▸ What this task involves
Copy the lines below, please, starting with the one that contains "燈飾的搭配呢?設計師以都市范" and ending with the last. Pictures stay out.
** Records for processing follows **
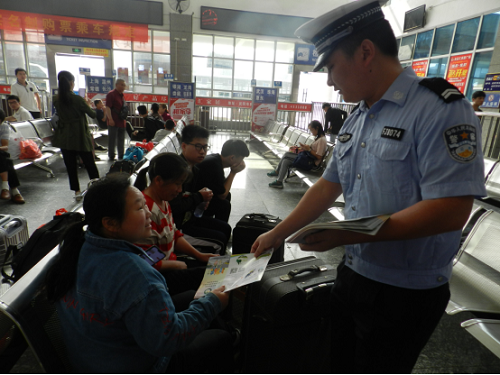 清风网邵阳讯(通讯员:刘丽容) 今年6月是全国第十八个“安全生产月”,为增强“安全生产月”宣传氛围,深入宣传道路交通安全法律法规,提高交通参与者的安全驾驶和文明交通素质,有效预防和减少重特大道路交通事故的发生。6月14日上午,武冈市公安局交警大队联合市交通局、运管所、湘运公司深入汽车北站以“防风险、除隐患、遏事故”为主题,开展“安全生产月”活动。
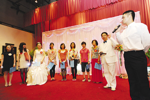 當(dāng)舞臺背景展開“杰出男生11大優(yōu)點”的投影掛屏?xí)r,主持人問女嘉賓喜不喜歡這些優(yōu)點?她們齊聲道:“喜歡!”主持人說:“這就是站在我們面前的這位帥哥身上所具備的優(yōu)點!边@時,主持人問新郎:“什么是最好的男女組合?”新郎答:“男生智慧,女生賢惠!”“請你選出‘心動女生’!”這位新郎臉現(xiàn)真誠,大步走到舉著“賢惠”寫字板、風(fēng)姿綽約的新娘面前,牽住她的手,兩人一起走向臺前,對著來賓大聲說出“愛的誓言”,全場掌聲響起。
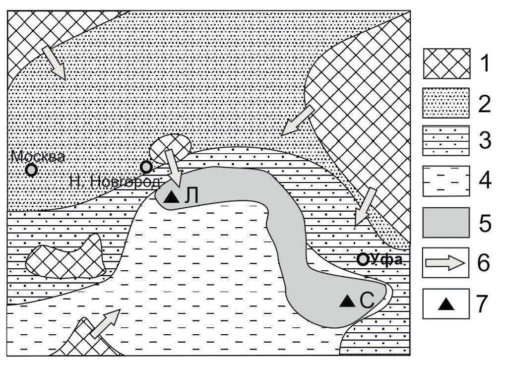 1 – горная и равнинная суша; 2 – равнинная суша, область осадконакопления; 3 – прибрежная равнина, временами заливаемая морем; 4 – мелководное море, терригенные осадки; 5 – площади развития перспективных продуктивных отложений; 6 – главные направления сноса обломочного материала; 7 – россыпные месторождения и проявления хромитов: Л – Лукояновский россыпной район, С – Сабантуйское проявление хромитов в пермских отложениях [Рахимов и др., 2020].
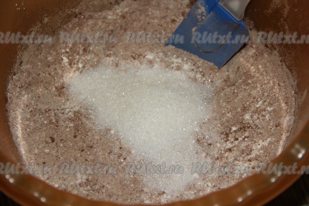 Слегка перемешать, затем добавить разрыхлитель и сахар.
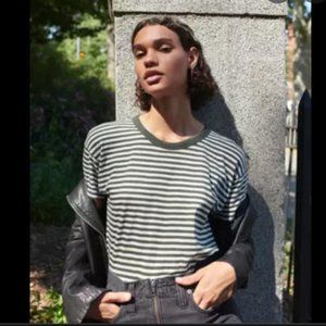 Forest green and white striped tee in perfect condition. Sold out online.
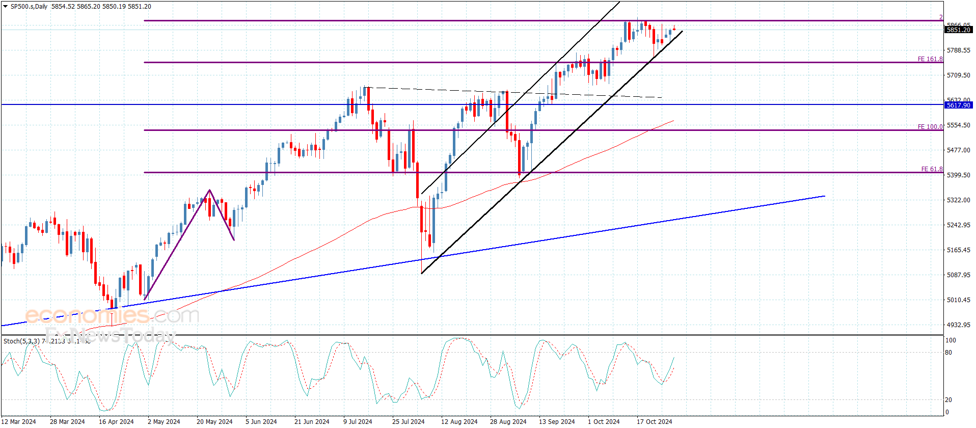 نكرر التنويه إلى أن اندفاع السعر فوق المقاومة والثبات أعلاها فإن ذلك سيفتح باب تحقيق مكاسب تاريخية جديدة قد تمتد نحو 5930.00 وصولا نحو الحاجز النفسي المتمثل بمستوى 6000.00.
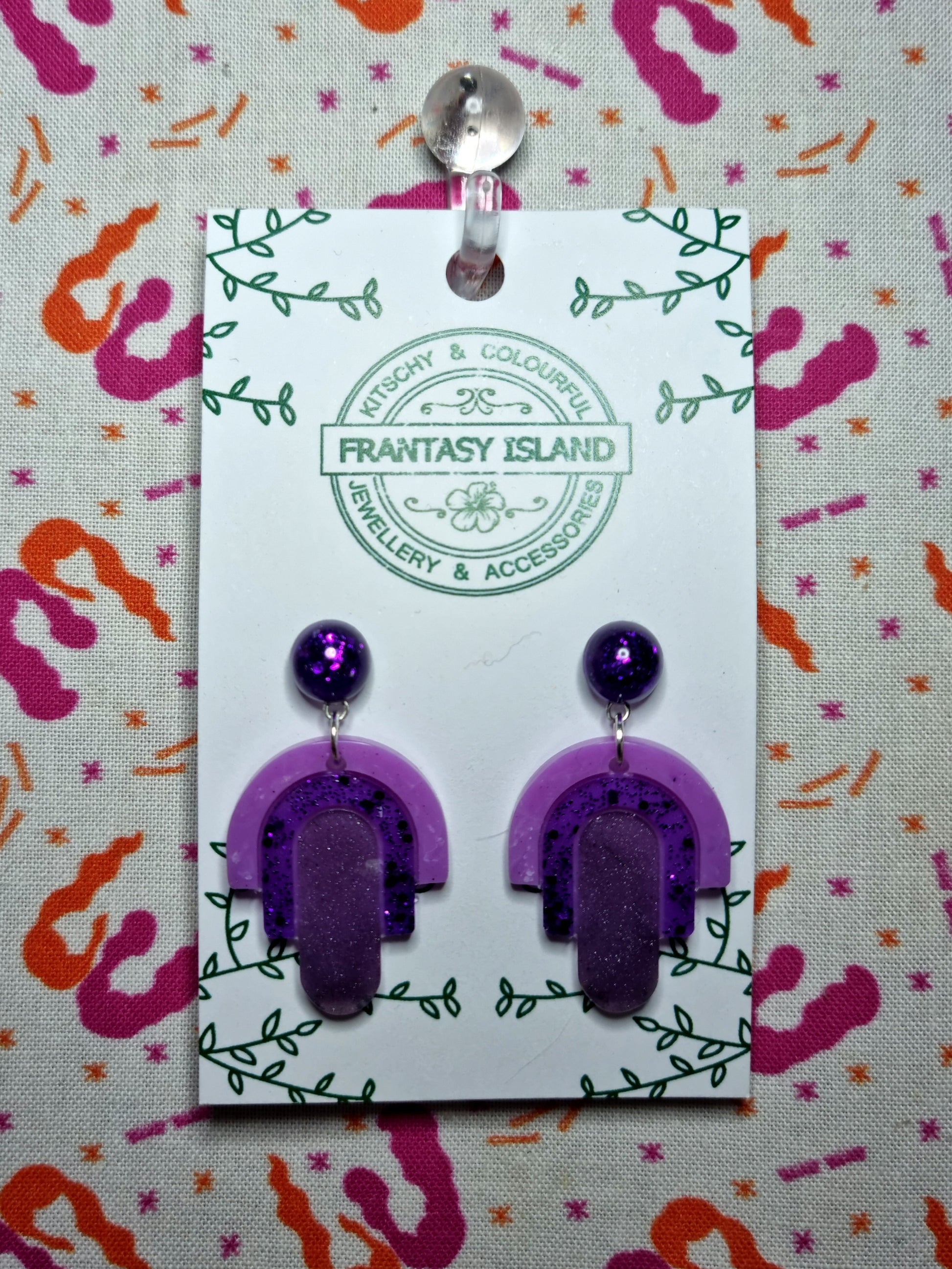These spectacular sparkly drop earrings are about as glitzy as they come, with a classic retro shape and a blend of lilac, purple, and gunmetal metallic pigments set in resin - Perfect for any occasion.
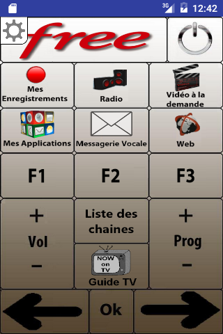 Télécommande Freebox player révolution (V6) utilisable depuis votre smartphone ou votre tablette Android (Compatible Donut, Eclair, Froyo, Honeycomb, Ice Cream Sandwich, Jelly Bean, KitKat). Trois écrans accessibles par défillement tactile. Accédez aux fonctions principales sur le premier écran, aux fonctions avancées sur le deuxième et aux fonctions programmées sur le troisième.
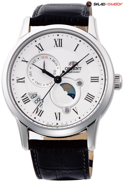 Мужские механические наручные часы с автоподзаводом и возможностью ручного завода Orient RA-AK0008S (RA-AK0008S10B) коллекции Sun & Moon Classic. Калибр механизма — F6B24. Запас хода более 40-ка часов. Количество камней - 22. Функция стоп-секунда (остановка секундной стрелки для установки точного времени). На данной модели отображается дата, день недели и время суток (день/ночь). Установлено сапфировое стекло устойчивое к царапинам. Прозрачная завинчивающаяся задняя крышка. Кожаный ремешок. Водонепроницаемость WR50 (5 атм).
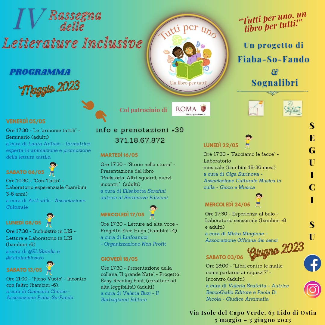 La Rassegna delle letterature inclusive torna per il quarto anno, con un’edizione davvero speciale e un calendario fittissimo di appuntamenti. Nella bellissima cornice del giardino della Libreria Sognalibri di Ostia esploreremo in compagnia di formatori, professionisti, autori ed editori tanti modi per fare inclusione a partire dalle diverse eccezioni di libro, per ritrovarci tutti insieme intorno alla stessa esperienza, pur nella ricca diversità di ciascuno.
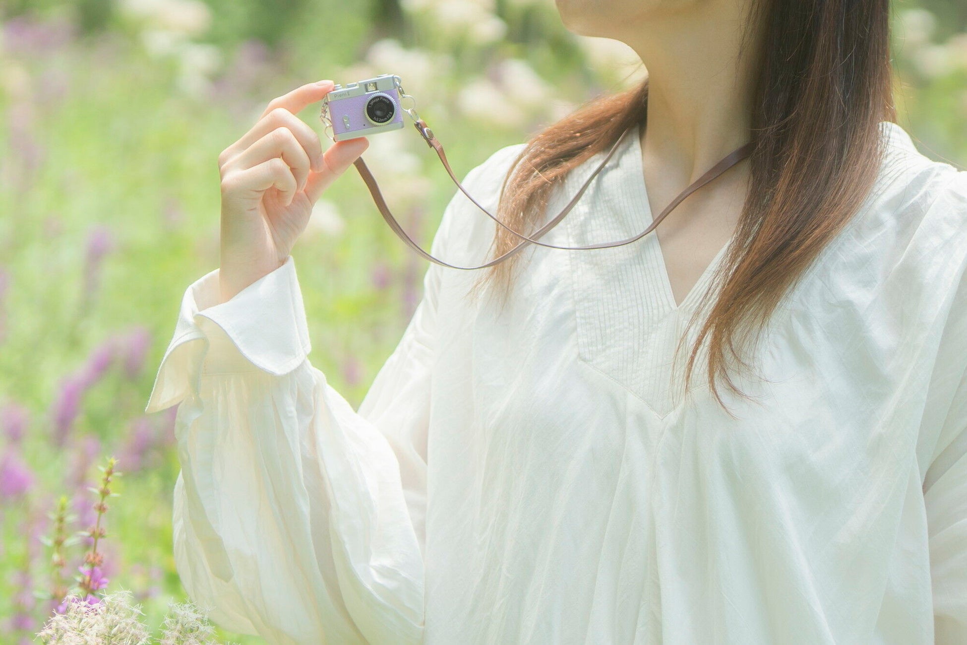ネックストラップ付で、アクセサリー感覚で持ち歩けます。
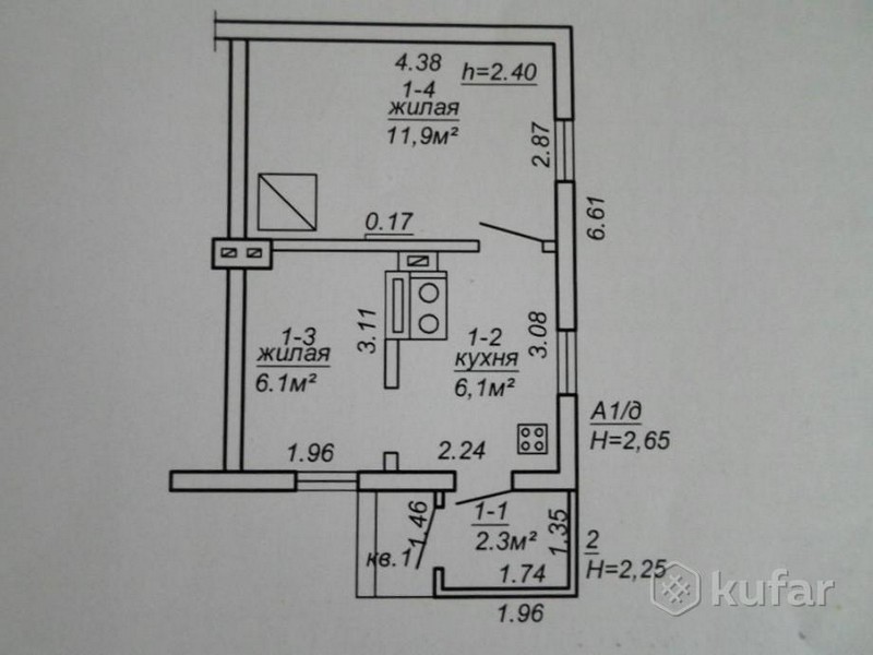 Аднак невялікая плошча — 32 «квадраты», малая кухня — 5,9 «квадраты». Санвузел сумесны. Газавая калонка.
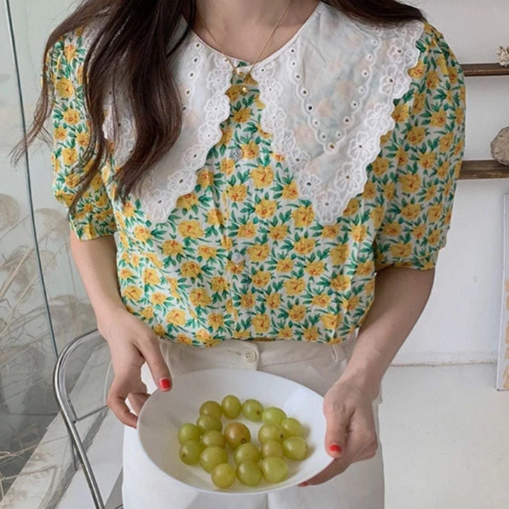 SKU: boogzel-apparel-6964273512617 Categories: AESTHETIC CLOTHES, Aesthetics, Clothing, COTTAGECORE / ARTSY Tags: Aesthetic, Blouse, Boogzel, Boogzel apparel, Chiffon, Floral Collar Shirt, Shirt, Turn down collar
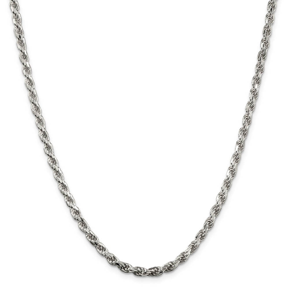 3.5mm Rhodium Plated Sterling Silver Solid D/C Rope Chain Necklace - Black Bow Jewelry Company
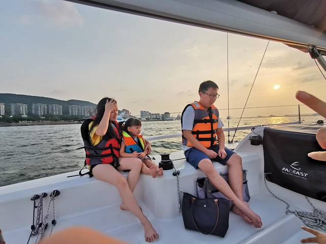 午睡后前往期待已久的帆船出海,特意定了下午五点半出海的船满心期待着三亚湾落日。
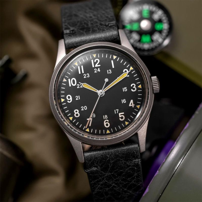 ジャングルフィールドは、1967年にアメリカ軍が発行したアイコニックなGG-W-113規格に着想を得て、視認性と信頼性を確保するためのすべての要素を取り入れています。オリジナルのGG-W-113規格は、ベトナム戦争中にアメリカのパイロットが使用した、非常に信頼性の高いツールとして広く知られています。この高性能な腕時計を提供するため、当時の仕様を可能な限り忠実に再現しました。
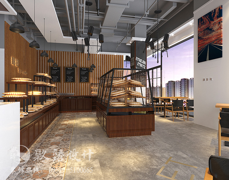 燈飾的搭配呢?設計師以都市范兒,文藝的格調來作為畫龍點睛的作用,這樣可以體現出與眾不同的品味,突出了蛋糕店的品牌。
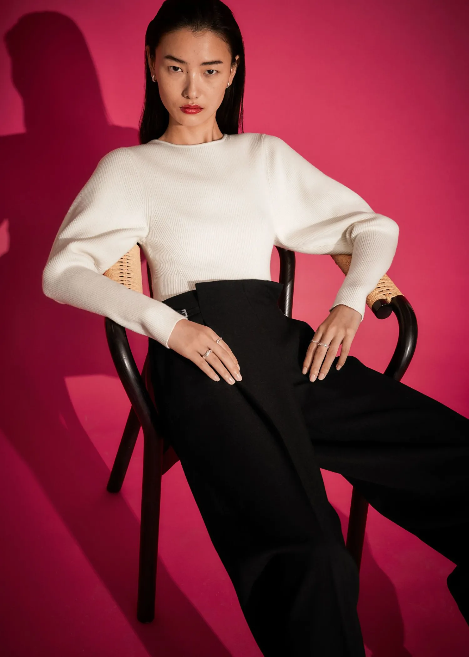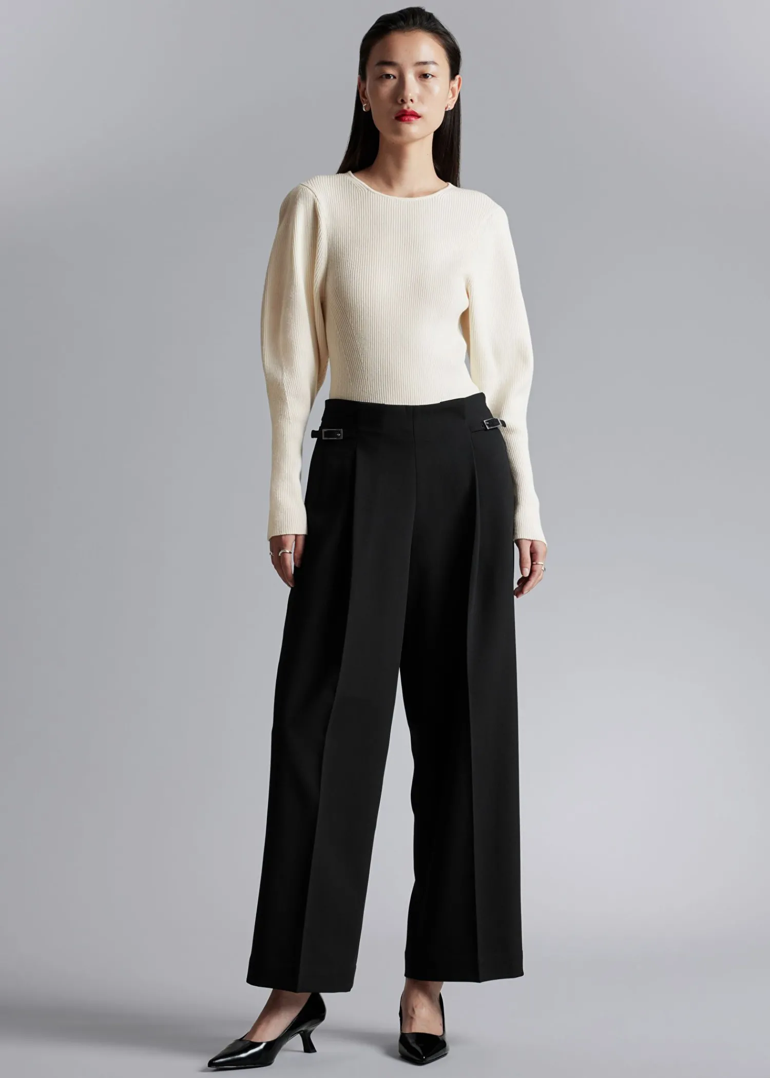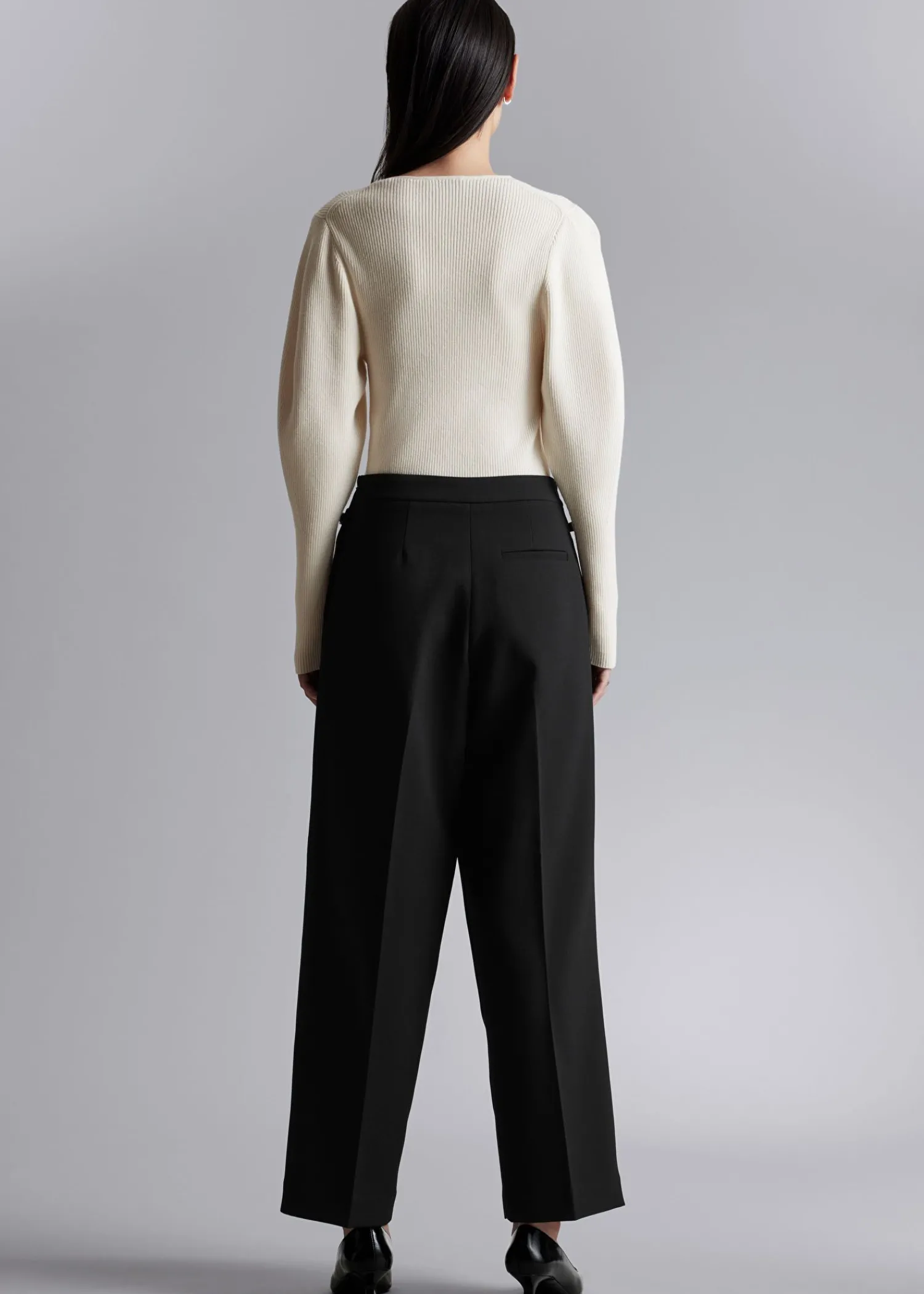 Ribstrikket Trøje Med Pufærmer Afsluttet Med Lange, Tætsiddende Manchetter. Slim Fit Rund Halsudskæring 37% Rws Uld Certificeret Af Control Union 893290 Længde På Trøje: 55 Cm / 21,7″ (Str. S)
** End of Records for processing **
▸ Response to this exercise
 燈飾的搭配呢?設計師以都市范兒,文藝的格調來作為畫龍點睛的作用,這樣可以體現出與眾不同的品味,突出了蛋糕店的品牌。
 Ribstrikket Trøje Med Pufærmer Afsluttet Med Lange, Tætsiddende Manchetter. Slim Fit Rund Halsudskæring 37% Rws Uld Certificeret Af Control Union 893290 Længde På Trøje: 55 Cm / 21,7″ (Str. S)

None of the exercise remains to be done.